# Instructions for the task:
Both the line below containing "Xiko hot milk" and the line containing "На обратной стороне", along with every line between them, should be repeated exactly; no other line belongs in the answer.

Material shown section start

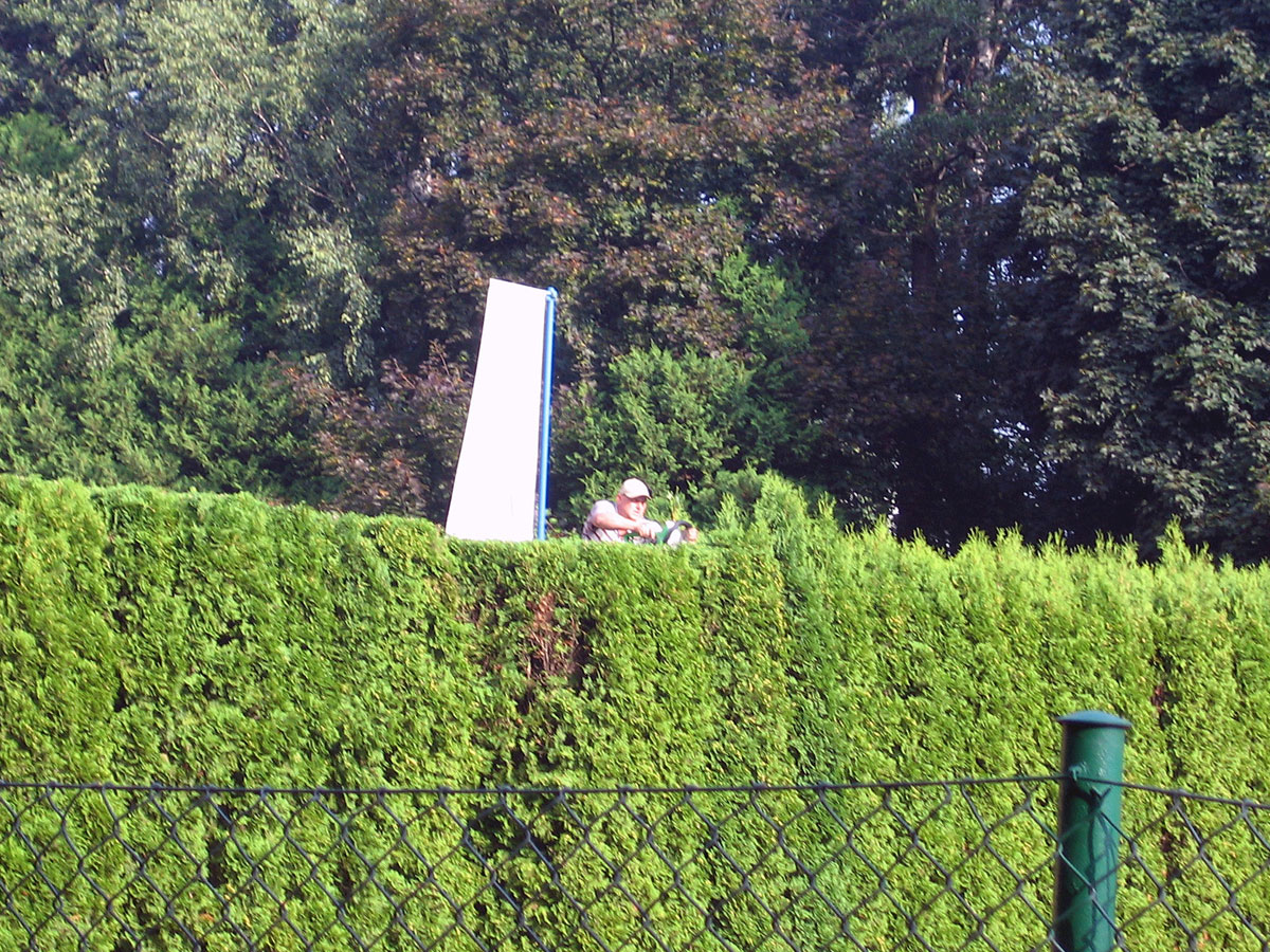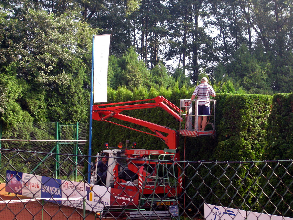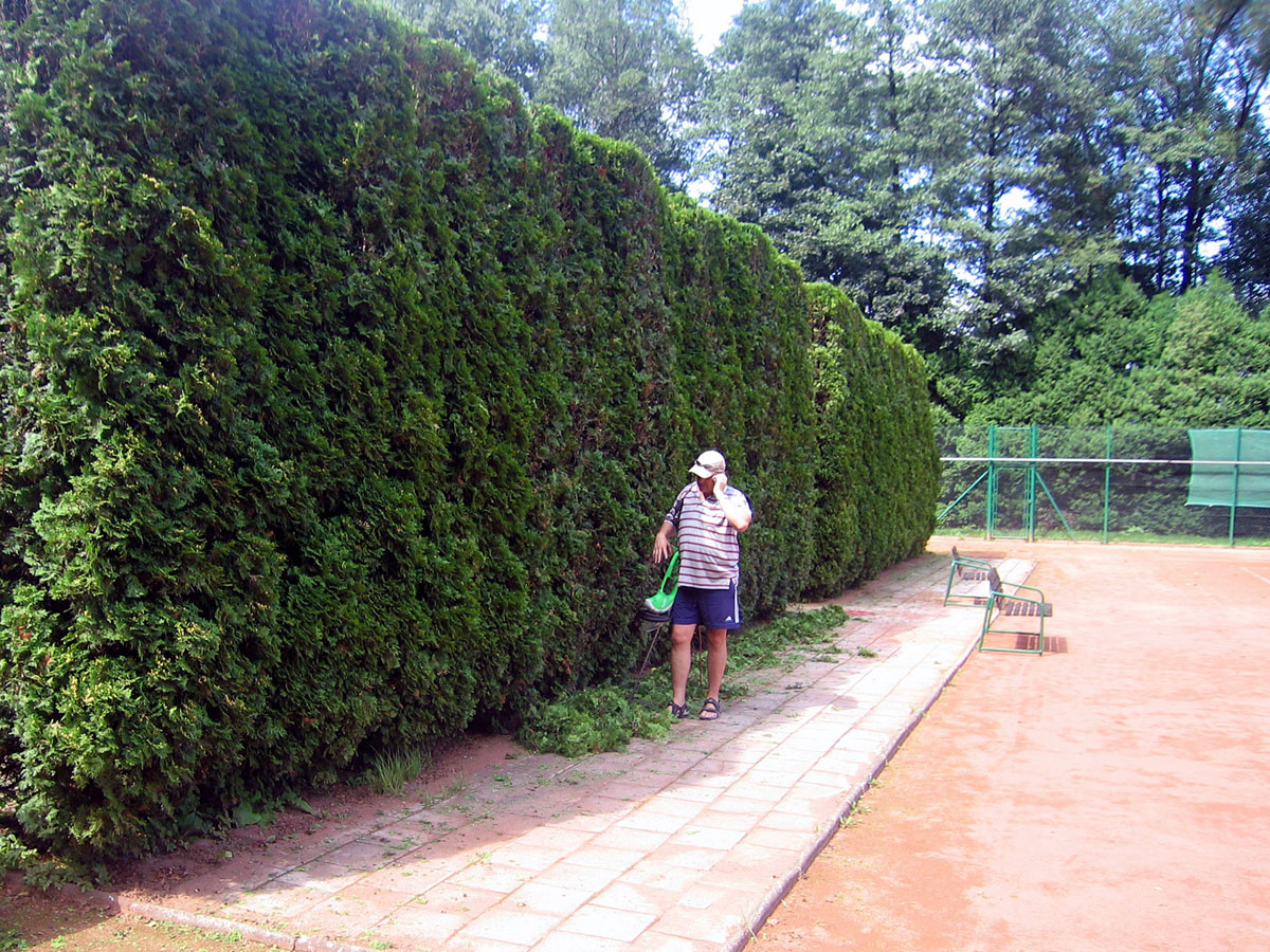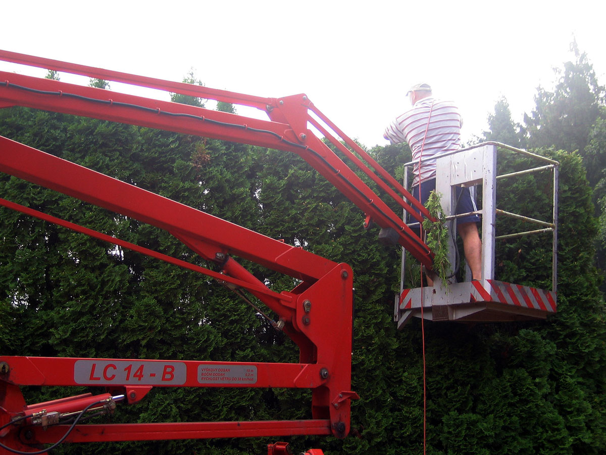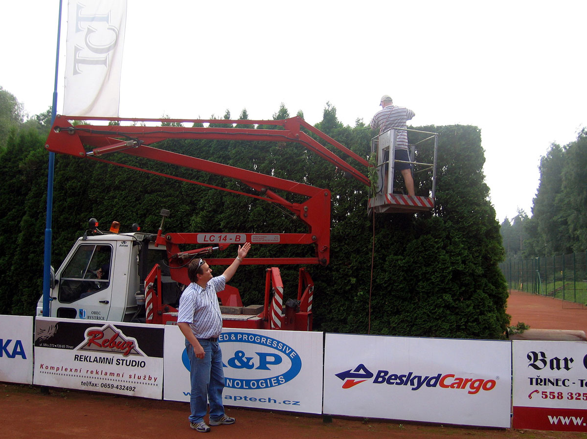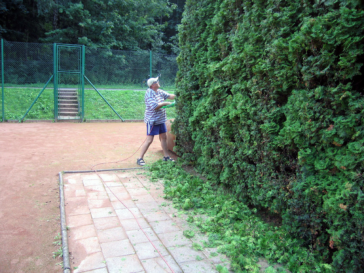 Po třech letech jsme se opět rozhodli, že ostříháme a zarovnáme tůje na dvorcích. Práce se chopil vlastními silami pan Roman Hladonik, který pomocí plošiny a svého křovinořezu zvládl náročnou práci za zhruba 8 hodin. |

Material shown section end
Material shown section start

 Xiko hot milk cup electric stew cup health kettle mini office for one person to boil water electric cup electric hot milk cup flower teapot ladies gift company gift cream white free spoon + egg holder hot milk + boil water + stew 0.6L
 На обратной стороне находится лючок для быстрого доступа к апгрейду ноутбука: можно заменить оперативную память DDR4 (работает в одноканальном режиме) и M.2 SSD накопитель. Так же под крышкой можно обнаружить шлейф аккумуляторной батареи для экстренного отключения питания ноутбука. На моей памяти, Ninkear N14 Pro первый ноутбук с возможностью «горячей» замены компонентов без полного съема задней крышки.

Material shown section end

# Task solution:
 Xiko hot milk cup electric stew cup health kettle mini office for one person to boil water electric cup electric hot milk cup flower teapot ladies gift company gift cream white free spoon + egg holder hot milk + boil water + stew 0.6L
 На обратной стороне находится лючок для быстрого доступа к апгрейду ноутбука: можно заменить оперативную память DDR4 (работает в одноканальном режиме) и M.2 SSD накопитель. Так же под крышкой можно обнаружить шлейф аккумуляторной батареи для экстренного отключения питания ноутбука. На моей памяти, Ninkear N14 Pro первый ноутбук с возможностью «горячей» замены компонентов без полного съема задней крышки.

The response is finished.